The HAP has been a pioneering example of active adaptation and community resilience-building against exposure to extreme heat. Key components of the Ahmedabad HAP include:

  • Building public awareness and community outreach to communicate the risks of heat waves and implement practices to prevent heat-related deaths and illnesses (Figure 1). Disseminating public messages on how to protect people against extreme heat through media outlets and orientation materials, such as pamphlets and advertisements on heat stress prevention, text messages, email, radio and social media, such as WhatsApp. Special efforts are made to reach vulnerable populations through inter-personal communication from March to June annually.
  • Initiating an early warning system and inter-agency coordination to alert residents of predicted extreme temperatures.

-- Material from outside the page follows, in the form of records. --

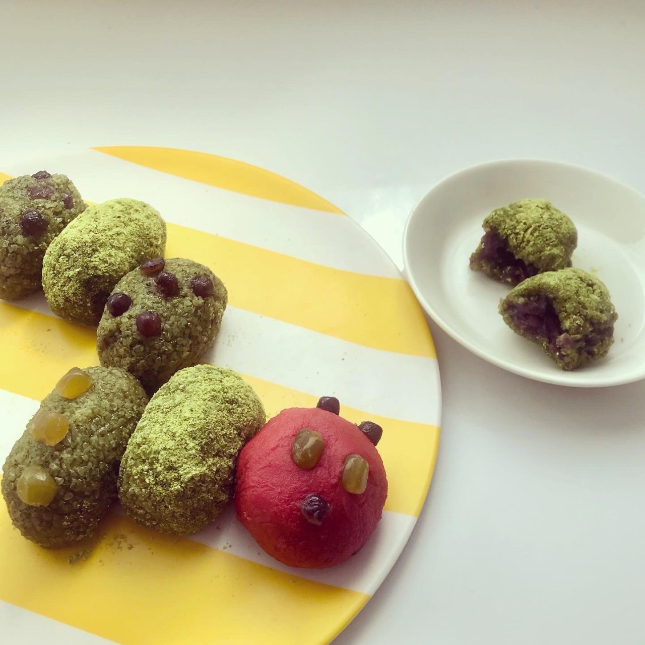 思い立ってひとつはかぼちゃとビーツを混ぜた白餡で包み、はらぺこあおむしを真似てみた。
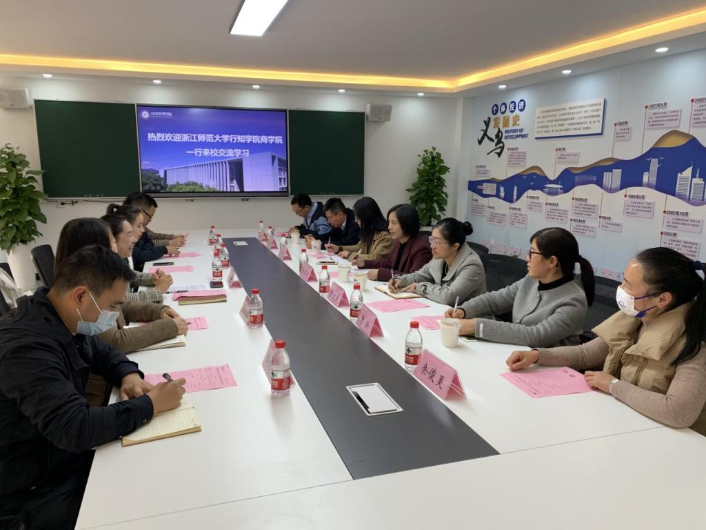 11月29日下午,浙江师范大学行知学院商学院院长麻勇爱一行7人来我校考察交流。金年会jinnianhuicom教学负责人,金融服务与管理、工商企业管理专业负责人及相关专任教师参加座谈。
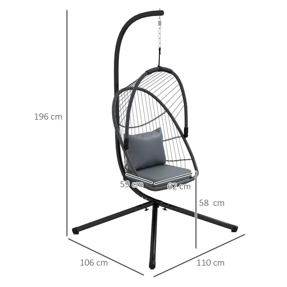 Outsunny Single Egg Chair, with Steel Frame Stand - Grey
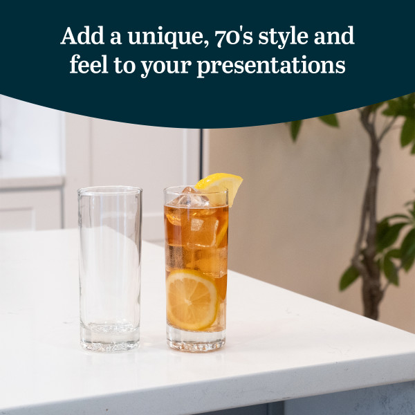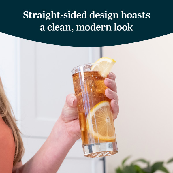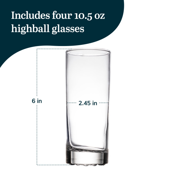 Libbey Aspen Highball Glass Set: Elevate your drink presentation with this highball glasses set of 4, designed to bring flair and confidence to every pour, whether you are entertaining guests or enjoying a quiet evening at home. This glassware set of 4 is designed to hold an optimal 10.5-ounce of beverage and is crafted from restaurant-style fine quality glass, featuring a sleek, modern silhouette with clean lines and a retro bubble-like base that ensures secure traction on tabletops, counters, and trays and keeps the dinner glasses from sticking to wet surfaces. Built with a thick sham for added stability and balance, this clear tall glasses drinking set is finished with chip-resistant Safedge rims to ensure dependable use over time. Dishwasher safe for effortless cleanup, this ice tea glasses set of 4 maintains its charm through everyday use. Perfect for cocktails, mojitos, iced tea, water, and more, these barware glasses are an essential addition to any home bar.
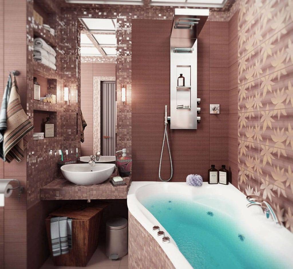 Расширить пространство помогут глянцевые и зеркальные поверхности. Исходя из этого, можно выбрать для оформления маленькой ванной глянцевую керамическую плитку. «Фартук» возле раковины выложите зеркальной плиткой или мозаикой – для организации дизайна ванной 2 на 2 метра или меньше такое мозаичное панно станет элементом декора.
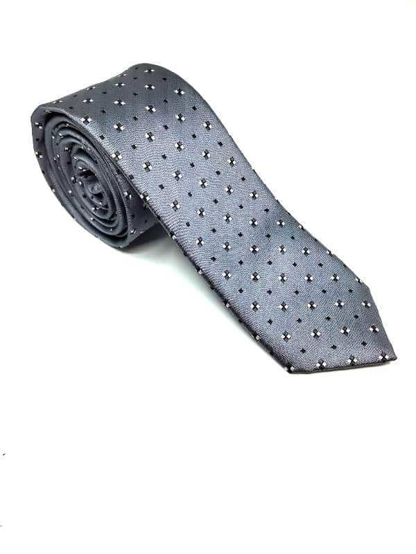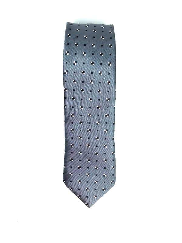 Elegancki krawat męski firmy Piotr o klasycznym i modnym kroju, szary w czarny wzór. Wykonany ze sztucznego jedwabiu. Jest on bardzo ważnym elementem ubioru, dzięki któremu każdy mężczyzna może wnieść do swojego stroju odrobinę koloru. Kompletując garderobę należy pamiętać, aby krawat tworzył spójny zestaw z marynarką lub koszulą. Jego unikatowy wzór z pewnością spełni swoją funkcję w połączeniu z różnymi tkaninami w kilku wariantach kolorystycznych. Ponadto wyraźne i mocne akcenty zdobnicze dodadzą charakteru i pozwolą wyróżnić się stylem. Krawat można dobrać zarówno do karnacji, garnituru jak i temperamentu.

The AMC has created formal communication channels to alert government agencies, health officials and hospitals, emergency responders, local community groups, and media outlets of extreme temperatures forecasted by the Indian Meteorological Department’s (IMD) Meteorological Centre located in Ahmedabad.
  • Capacity building among health care professionals to recognize and respond to heat-related illnesses, particularly during extreme heat events. Such training focus on primary medical officers, paramedical staff, and community health staff so that these experts can effectively prevent and manage heat-related cases and reduce mortality and morbidity.
  • Reducing heat exposure and promoting adaptive measures by launching new efforts, including targets on implementing cool roofs on low income houses (Figure 2) as well as retrofitting cool roof technologies on the AMC’s own buildings. In November 2019, Ahmedabad announced an expansion of its ongoing urban afforestation program, increasing the city’s green cover to reduce ambient outdoor temperatures associated with its Urban Heat Island. The Ahmedabad HAP has a special focus on targeted beneficiaries such as outdoor construction and industrial workers, street vendors, women, children, and older adults. Outdoor workers and residents of low-income neighbourhoods with poorly insulated houses are especially prone to the effects of heat, with disproportionate impacts on economic productivity, medical expenses and other opportunity costs.

 

Ahmedabad Heat Action Plan

A slum roof being painted with solar reflective paint in Ahmedabad. Source: AMC

 

“Ultimately, in order to build effectively resilient communities to counter these extreme weather events caused by climate change, we have to build localised capacity in terms of health infrastructure, governance structures as well as adequate early warning systems. It is important that actions as well as decisions be localised, to maximise public health benefits.Dr Dileep Mavalankar, Director of IIPH-G

Lessons learned 

Drawing lessons from the ground-breaking Ahmedabad HAP, action is ramping up at the city, state, and national levels to scale and implement extreme heat warning systems and preparedness plans. Since 2013, the national government has been working with 23 states and over 100 cities and districts to implement and develop heat action plans across India.

References

The text of this case study is based on the submission from the case study lead organization received through the 2021 Call for case studies on health and climate change and does not endorse or reflect the views of the World Health Organization or any of its activities.